Work order → What are the lines below, starting at the line containing "This Queen Anne-style" and ending at the line containing "3、在文明課堂列表頁面,看到"? Write them out exactly, ends included, without pictures.

-- Exercise input follows --

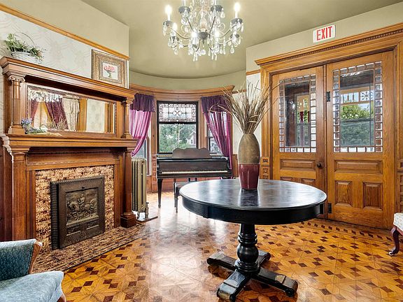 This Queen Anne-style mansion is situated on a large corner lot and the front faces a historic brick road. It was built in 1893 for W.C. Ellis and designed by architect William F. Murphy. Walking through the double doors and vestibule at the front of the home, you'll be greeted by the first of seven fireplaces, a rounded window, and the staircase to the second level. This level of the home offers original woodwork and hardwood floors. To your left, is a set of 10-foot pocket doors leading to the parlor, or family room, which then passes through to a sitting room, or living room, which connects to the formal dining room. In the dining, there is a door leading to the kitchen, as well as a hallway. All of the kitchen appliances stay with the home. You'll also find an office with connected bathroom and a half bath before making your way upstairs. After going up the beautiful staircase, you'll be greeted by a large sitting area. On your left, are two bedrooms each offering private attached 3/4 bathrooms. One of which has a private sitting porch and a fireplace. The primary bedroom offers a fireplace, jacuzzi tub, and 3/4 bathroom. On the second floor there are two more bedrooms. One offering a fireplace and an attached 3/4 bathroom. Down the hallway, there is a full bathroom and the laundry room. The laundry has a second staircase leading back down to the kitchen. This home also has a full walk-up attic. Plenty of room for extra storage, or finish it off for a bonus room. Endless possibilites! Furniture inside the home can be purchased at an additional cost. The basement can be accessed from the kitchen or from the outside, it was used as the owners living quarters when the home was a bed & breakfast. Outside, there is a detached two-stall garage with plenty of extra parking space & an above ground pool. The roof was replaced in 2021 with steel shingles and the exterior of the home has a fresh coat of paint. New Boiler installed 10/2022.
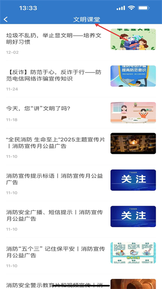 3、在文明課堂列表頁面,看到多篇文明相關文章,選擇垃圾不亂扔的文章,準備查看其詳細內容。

-- Exercise input concluded --
-- Exercise input follows --

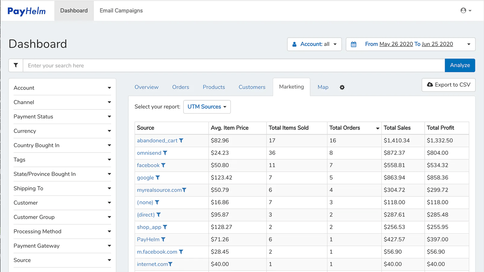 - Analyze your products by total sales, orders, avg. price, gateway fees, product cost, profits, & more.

-- Exercise input concluded --

Answer box →
 This Queen Anne-style mansion is situated on a large corner lot and the front faces a historic brick road. It was built in 1893 for W.C. Ellis and designed by architect William F. Murphy. Walking through the double doors and vestibule at the front of the home, you'll be greeted by the first of seven fireplaces, a rounded window, and the staircase to the second level. This level of the home offers original woodwork and hardwood floors. To your left, is a set of 10-foot pocket doors leading to the parlor, or family room, which then passes through to a sitting room, or living room, which connects to the formal dining room. In the dining, there is a door leading to the kitchen, as well as a hallway. All of the kitchen appliances stay with the home. You'll also find an office with connected bathroom and a half bath before making your way upstairs. After going up the beautiful staircase, you'll be greeted by a large sitting area. On your left, are two bedrooms each offering private attached 3/4 bathrooms. One of which has a private sitting porch and a fireplace. The primary bedroom offers a fireplace, jacuzzi tub, and 3/4 bathroom. On the second floor there are two more bedrooms. One offering a fireplace and an attached 3/4 bathroom. Down the hallway, there is a full bathroom and the laundry room. The laundry has a second staircase leading back down to the kitchen. This home also has a full walk-up attic. Plenty of room for extra storage, or finish it off for a bonus room. Endless possibilites! Furniture inside the home can be purchased at an additional cost. The basement can be accessed from the kitchen or from the outside, it was used as the owners living quarters when the home was a bed & breakfast. Outside, there is a detached two-stall garage with plenty of extra parking space & an above ground pool. The roof was replaced in 2021 with steel shingles and the exterior of the home has a fresh coat of paint. New Boiler installed 10/2022.
 3、在文明課堂列表頁面,看到多篇文明相關文章,選擇垃圾不亂扔的文章,準備查看其詳細內容。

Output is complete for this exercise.